> [Data section]:

§ §

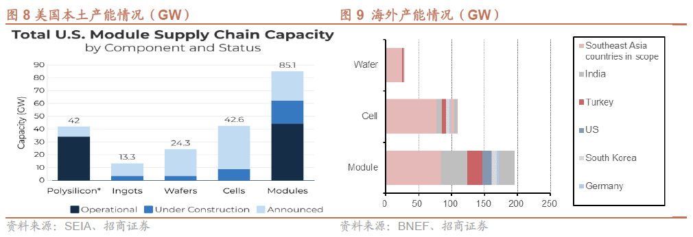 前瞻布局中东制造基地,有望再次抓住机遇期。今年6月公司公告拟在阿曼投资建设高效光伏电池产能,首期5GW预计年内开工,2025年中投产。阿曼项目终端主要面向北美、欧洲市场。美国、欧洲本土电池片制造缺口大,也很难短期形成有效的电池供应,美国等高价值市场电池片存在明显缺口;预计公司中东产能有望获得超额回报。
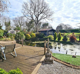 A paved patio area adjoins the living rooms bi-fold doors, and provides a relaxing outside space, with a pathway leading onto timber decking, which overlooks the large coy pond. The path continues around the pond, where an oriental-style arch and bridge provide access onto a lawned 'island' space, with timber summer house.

§ §

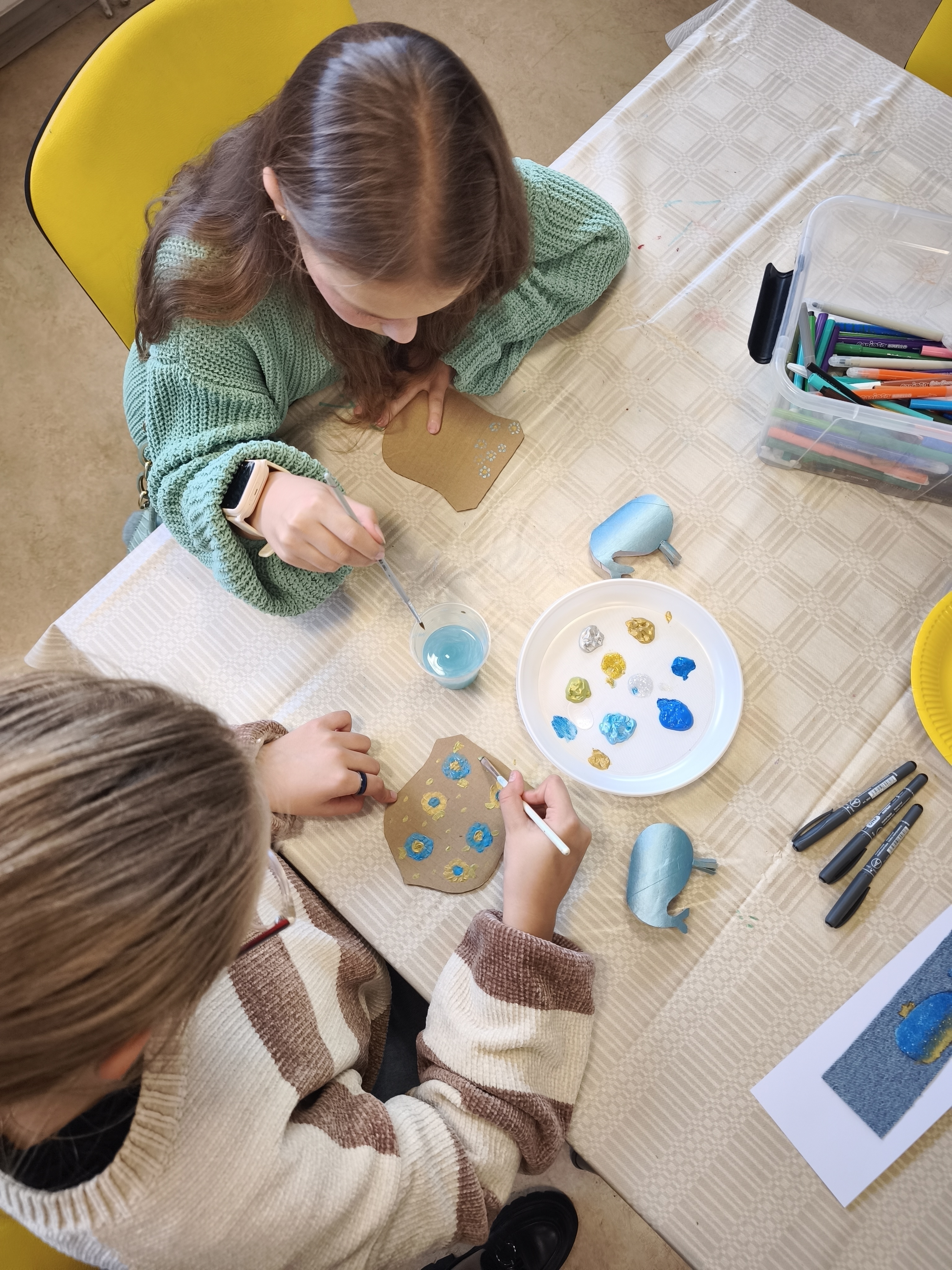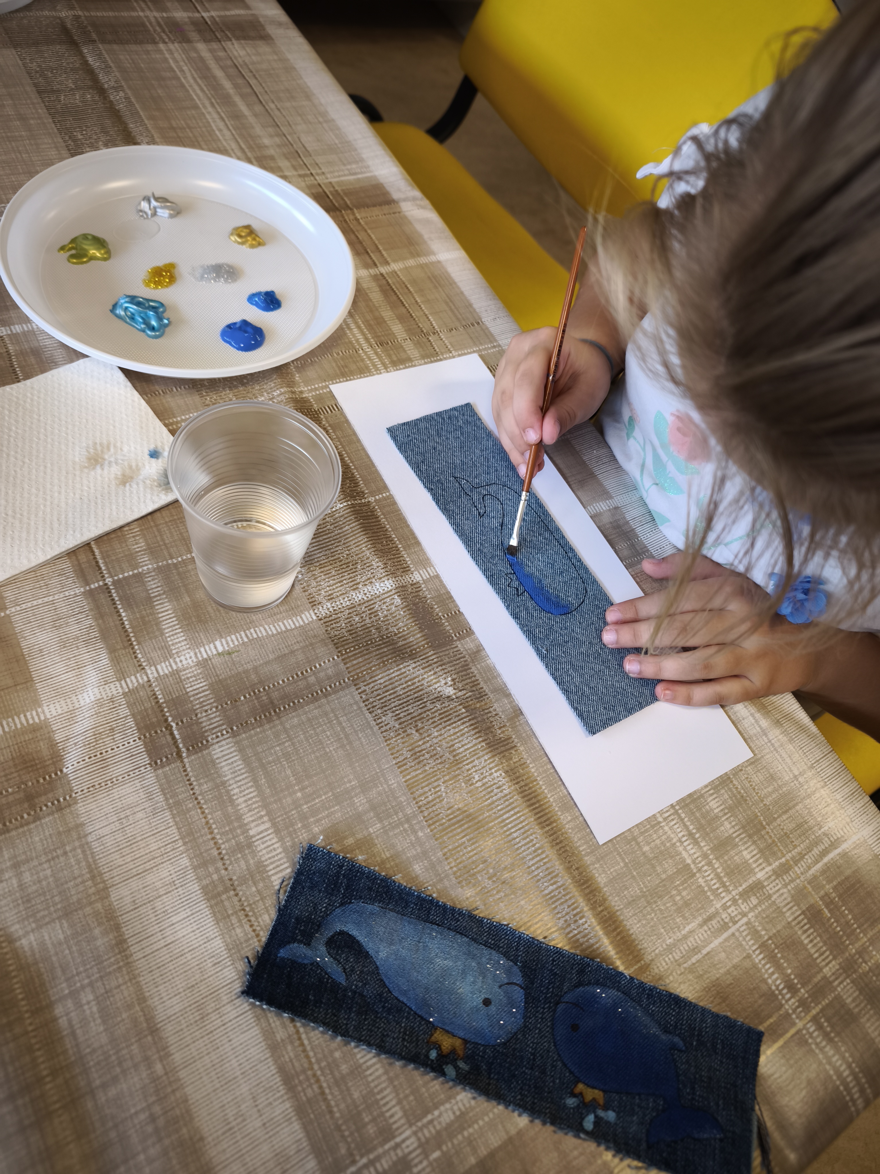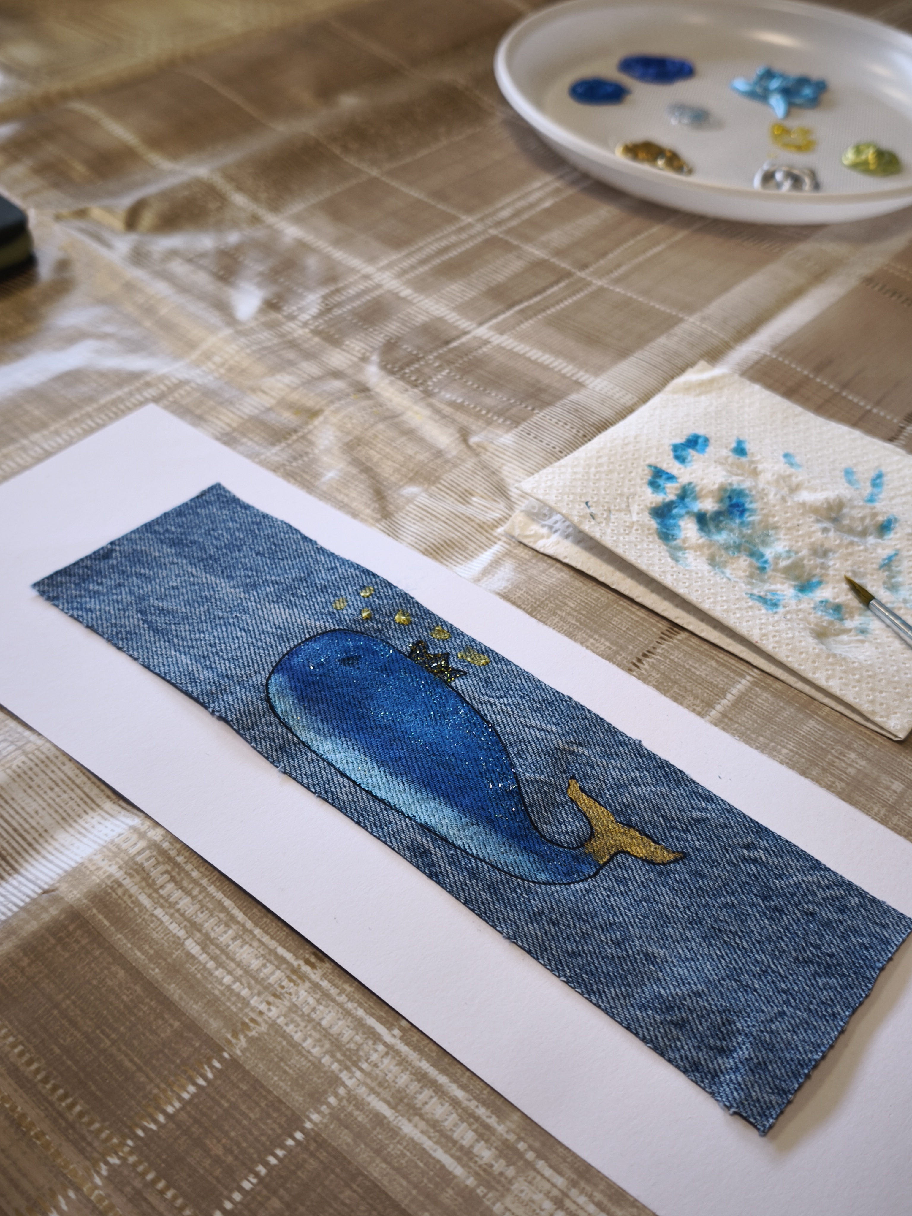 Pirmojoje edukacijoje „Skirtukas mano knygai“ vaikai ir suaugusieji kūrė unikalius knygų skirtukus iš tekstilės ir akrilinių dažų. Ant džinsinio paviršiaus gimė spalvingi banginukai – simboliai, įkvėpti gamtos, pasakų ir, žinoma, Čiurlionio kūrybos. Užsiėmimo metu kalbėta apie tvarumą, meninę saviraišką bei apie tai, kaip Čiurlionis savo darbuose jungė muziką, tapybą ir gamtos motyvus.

§ §

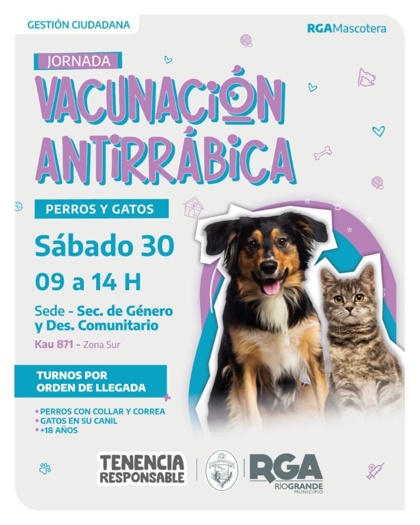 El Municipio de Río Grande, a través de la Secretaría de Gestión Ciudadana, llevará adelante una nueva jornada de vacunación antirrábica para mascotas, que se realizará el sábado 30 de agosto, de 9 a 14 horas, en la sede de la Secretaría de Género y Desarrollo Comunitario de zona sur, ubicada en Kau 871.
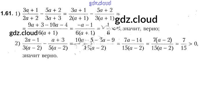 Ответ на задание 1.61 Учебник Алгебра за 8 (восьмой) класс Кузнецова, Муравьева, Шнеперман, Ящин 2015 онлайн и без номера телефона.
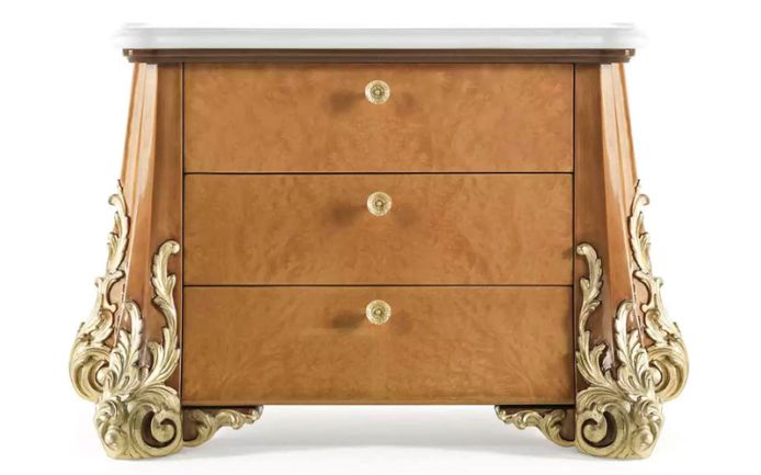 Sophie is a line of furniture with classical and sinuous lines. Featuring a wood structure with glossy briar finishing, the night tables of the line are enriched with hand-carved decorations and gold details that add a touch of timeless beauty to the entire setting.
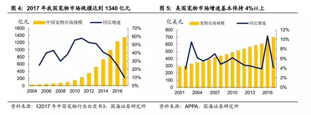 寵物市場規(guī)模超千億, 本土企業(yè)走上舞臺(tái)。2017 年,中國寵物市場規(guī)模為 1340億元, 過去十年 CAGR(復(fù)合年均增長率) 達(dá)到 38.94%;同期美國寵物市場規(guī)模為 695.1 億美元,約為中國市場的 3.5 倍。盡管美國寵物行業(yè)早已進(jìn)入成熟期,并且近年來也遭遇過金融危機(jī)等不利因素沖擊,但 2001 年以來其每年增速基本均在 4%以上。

§ §

> [Your goal]: Set down word for word the lines above from the one with "Ответ на задание" up to and including the one with "Sophie is a". Omit every picture.

> [Response below]:
 Ответ на задание 1.61 Учебник Алгебра за 8 (восьмой) класс Кузнецова, Муравьева, Шнеперман, Ящин 2015 онлайн и без номера телефона.
 Sophie is a line of furniture with classical and sinuous lines. Featuring a wood structure with glossy briar finishing, the night tables of the line are enriched with hand-carved decorations and gold details that add a touch of timeless beauty to the entire setting.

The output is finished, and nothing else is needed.